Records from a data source
[Start of Attachment]

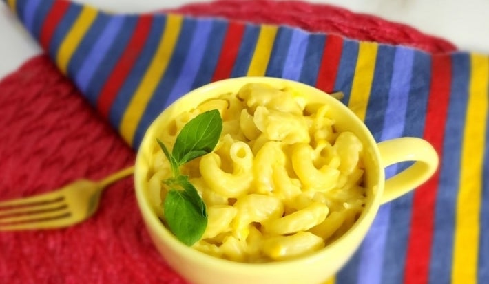 Receita de Mac and Cheese na Caneca deliciosa feita com MAGGI Fondor, Leite líquido NINHO Forti+ Integral e queijo parmesão ralado
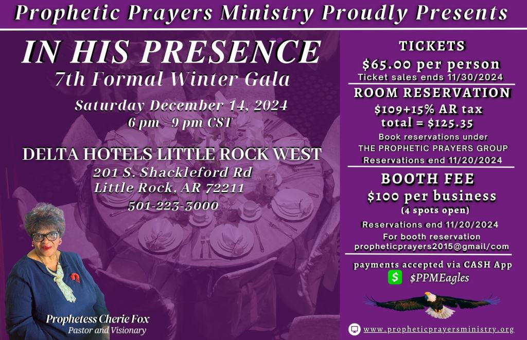 Be part of an unforgettable evening with us. Experience spiritual and physical nourishment at the Prophetic Prayers Ministry 6th ‘In HIS Presence’ Gala! This anointed event is on Saturday, December 16, 2023, at 6:00 p.m. (Central Standard Time). To be held at the Delta Marriott Hotel West at 201 South Shackleford Road, Little Rock, AR 72211.
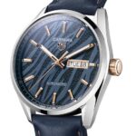 Izrezan motiv tigra na številčnici združuje globoko skrilasto modro vodoravno brušeno glavno površino z vdolbinami elementi v črni barvi, s skoraj asfaltno teksturo. Poleg ustvarjanja vzorca tigrastih črt, ta koncept izrezane številčnice spretno prikazuje zmožnost končne obdelave številčnice manufakture TAG Heuer. Čeprav ta dramatična barvna shema tigrastih črt zagotovo ni za vsak okus, sta izdelava in ustvarjalnost, prikazana tukaj, nedvomno impresivna.
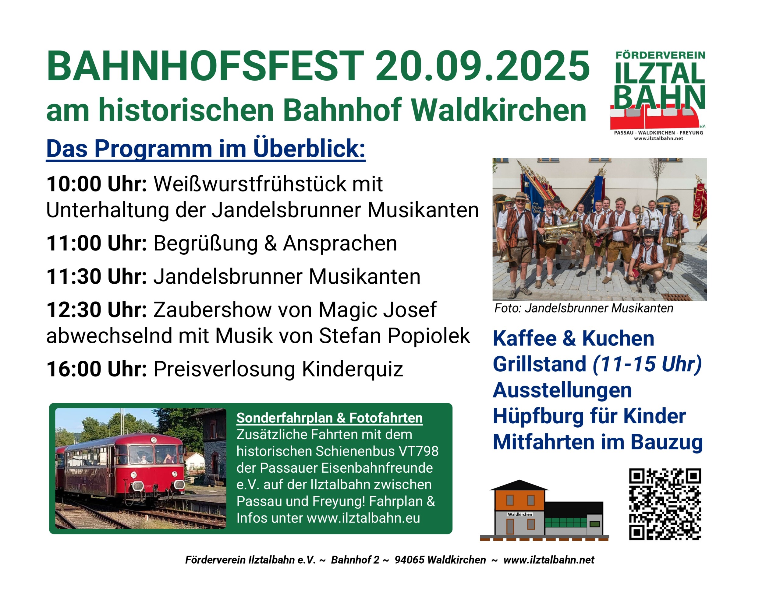 Am 20. September 2025 ist es wieder so weit! Anlässlich zum bundesweiten Tag der Schiene veranstaltet der Förderverein Ilztalbahn e.V. wieder ein Bahnhofsfest in Waldkirchen! Rund um das historische Bahnhofsgebäude gibt es zahlreiche Attraktionen sowie ein buntes Programm für die ganze Familie.
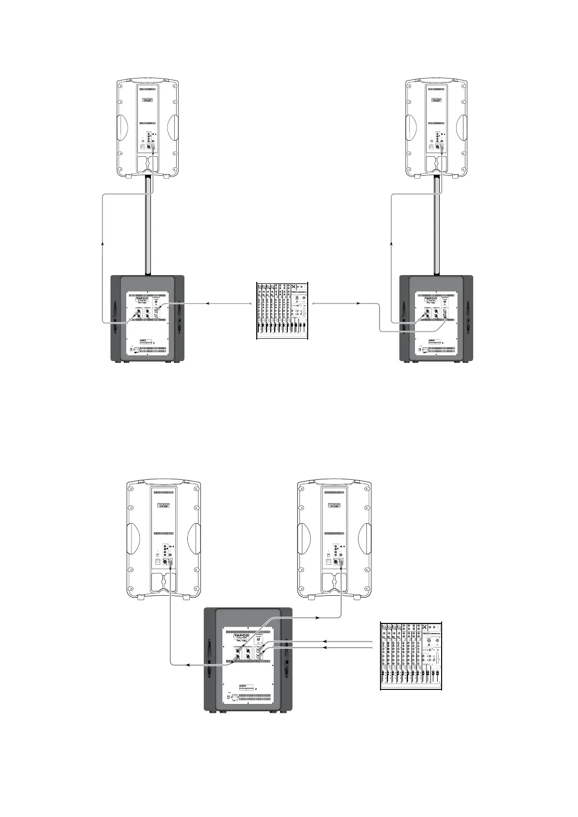 The left and right line-level outputs from a mixer feed the inputs of a TH-18s active subwoofer. The full-range line-
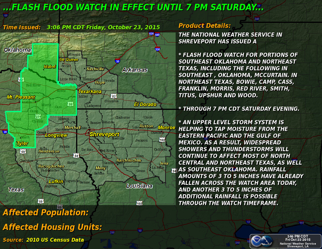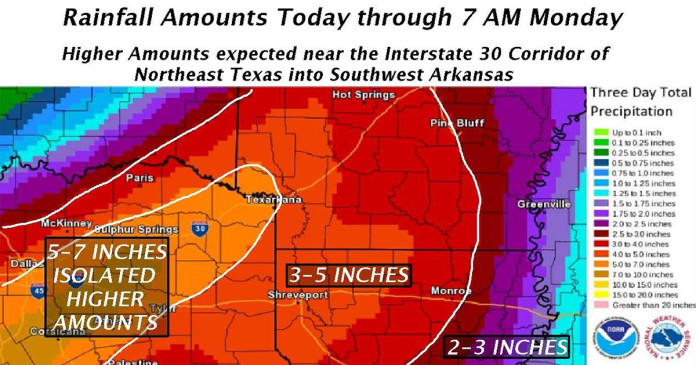 SATURDAY INTO SATURDAY NIGHT…THE WESTERN HALF OF THE FOUR STATE REGION…INCLUDING ALL OF NORTHEAST TEXAS…SOUTHEAST OKLAHOMA… SOUTHWEST ARKANSAS AND EXTREME NORTHWEST LOUISIANA WILL SEE THE GREATEST RAINFALL CHANCES WITH AN ADDITIONAL 1 TO 3 INCHES POSSIBLE SATURDAY MORNING THROUGH EARLY SUNDAY MORNING.
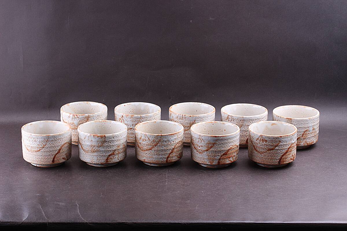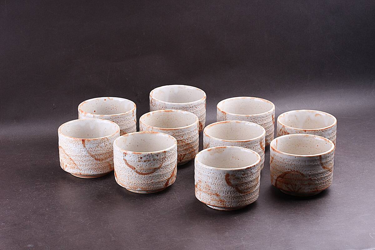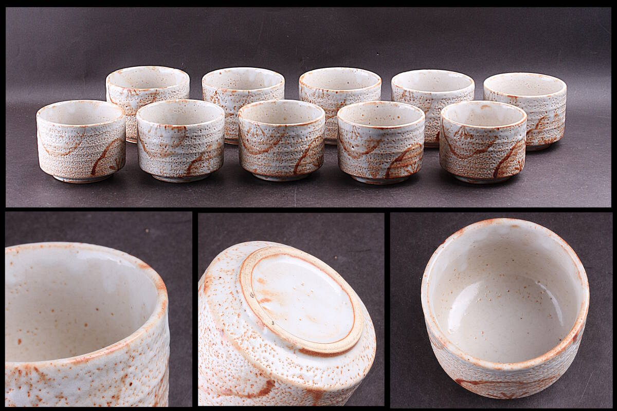 Product name: 【隆庵】美濃焼 志野焼 絵志野 梅花絵 筒向付 10客 懐石小鉢・向付 骨董・懐石道具 美品・本物保証品
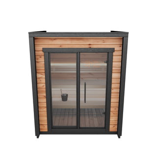 The Leil Saunas Patio XXS 3 Person Outdoor Sauna Kit is a stylish and compact outdoor sauna from the Patio Sauna Series, expertly designed to elevate any outdoor living space—whether placed by the pool, on a terrace, or nestled into a backyard garden. Built with thermally modified wood for exceptional durability and long-term weather resistance, this premium outdoor sauna delivers years of reliable, restorative use.
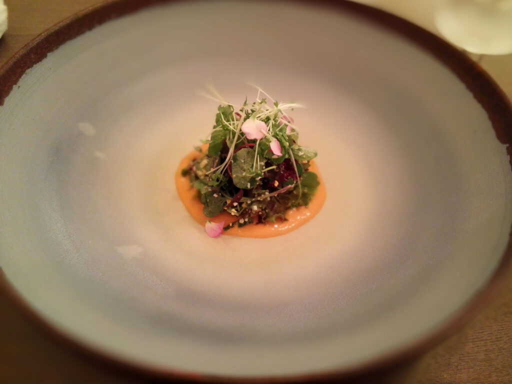 最初の一皿「自然」が、このコースの宣言だ。トマトペーストの赤が太陽を、青い器が空を、茶色い縁取りが土を、中心に配した野菜が草を表す。ハーブ含む30種のサラダが、器という絵画の中に収まっている。皿の設計がロジカルに計算されているという事実は、料理が味覚だけを対象としていないことを意味する。視覚・感性・知性を同時に動員させる構造で、この一皿がコース全体の鑑賞モードを設定する。
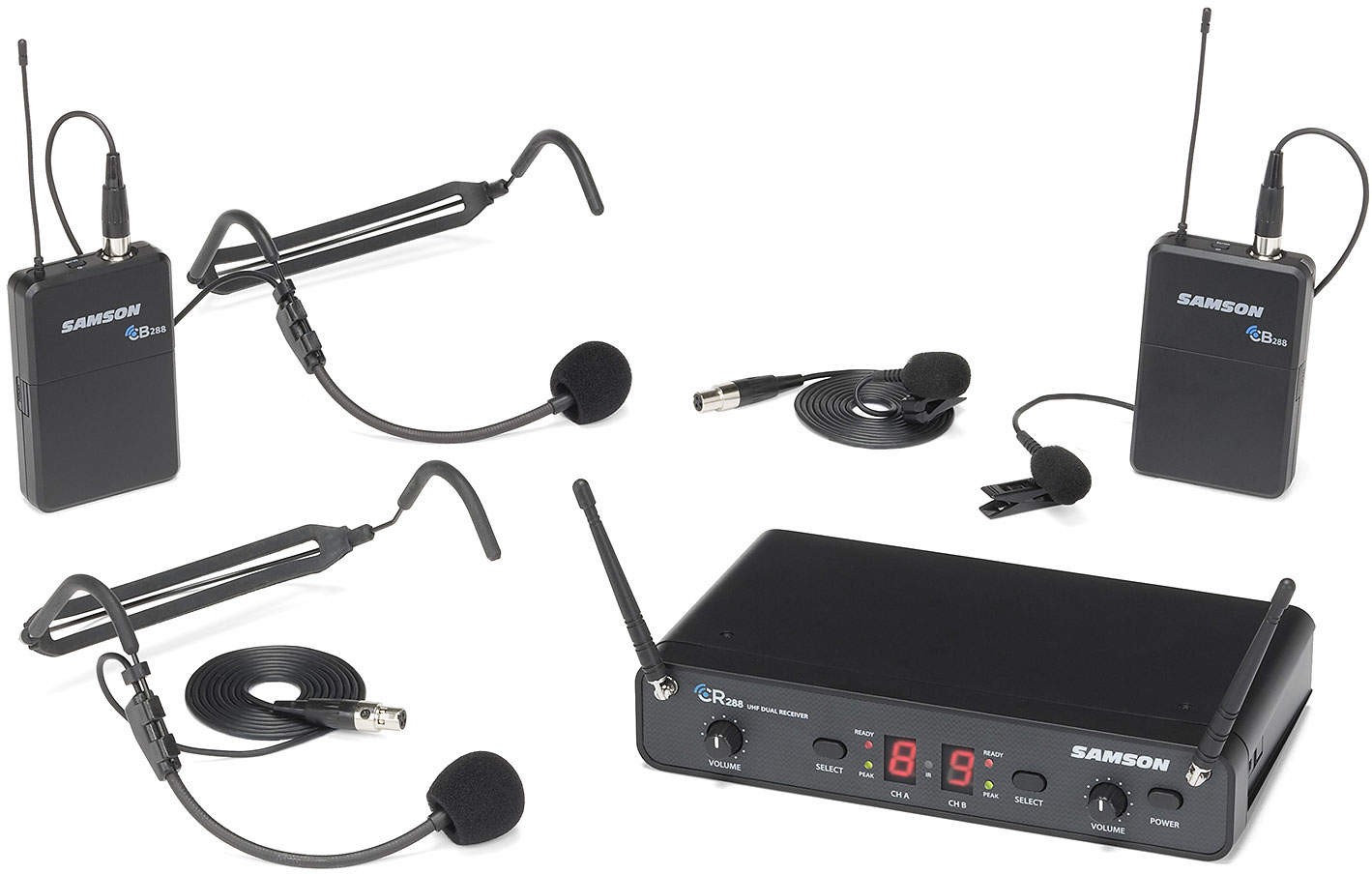 SISTEMA WIRELESS: DUAL Conjunto compuesto por receptor DIVERSITY dual y dos emisores de petaca CB288 para usar simultáneamente. Incluye dos micrófonos de diadema HS5 y dos de solapa LM5 para mayor versatilidad. Múltiples canales disponibles, permite hasta 8 sistemas simultáneos (16 mics) según región. Alcance aprox. 90m.Sincronización canales via infrarrojos. Incluye adaptador alimentación receptor, cable jack 1/4′, accesorios enracado. Petaca funciona con 2x baterías AA. Autonomía 8h. Ideal clases, conferencias y presentaciones.
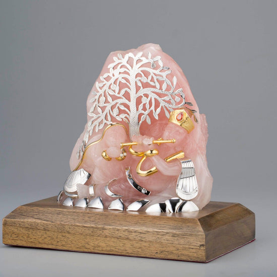Hand Carved Rose Quartz Abstract Radha Krishna with Silver Jewellery

[End of Attachment]

Task statement.
Take the lines from the start of the entries through the line containing "Izrezan motiv tigra" and set them down exactly, leaving out every picture.

Response to the exercise.
 Receita de Mac and Cheese na Caneca deliciosa feita com MAGGI Fondor, Leite líquido NINHO Forti+ Integral e queijo parmesão ralado
 Be part of an unforgettable evening with us. Experience spiritual and physical nourishment at the Prophetic Prayers Ministry 6th ‘In HIS Presence’ Gala! This anointed event is on Saturday, December 16, 2023, at 6:00 p.m. (Central Standard Time). To be held at the Delta Marriott Hotel West at 201 South Shackleford Road, Little Rock, AR 72211.
 Izrezan motiv tigra na številčnici združuje globoko skrilasto modro vodoravno brušeno glavno površino z vdolbinami elementi v črni barvi, s skoraj asfaltno teksturo. Poleg ustvarjanja vzorca tigrastih črt, ta koncept izrezane številčnice spretno prikazuje zmožnost končne obdelave številčnice manufakture TAG Heuer. Čeprav ta dramatična barvna shema tigrastih črt zagotovo ni za vsak okus, sta izdelava in ustvarjalnost, prikazana tukaj, nedvomno impresivna.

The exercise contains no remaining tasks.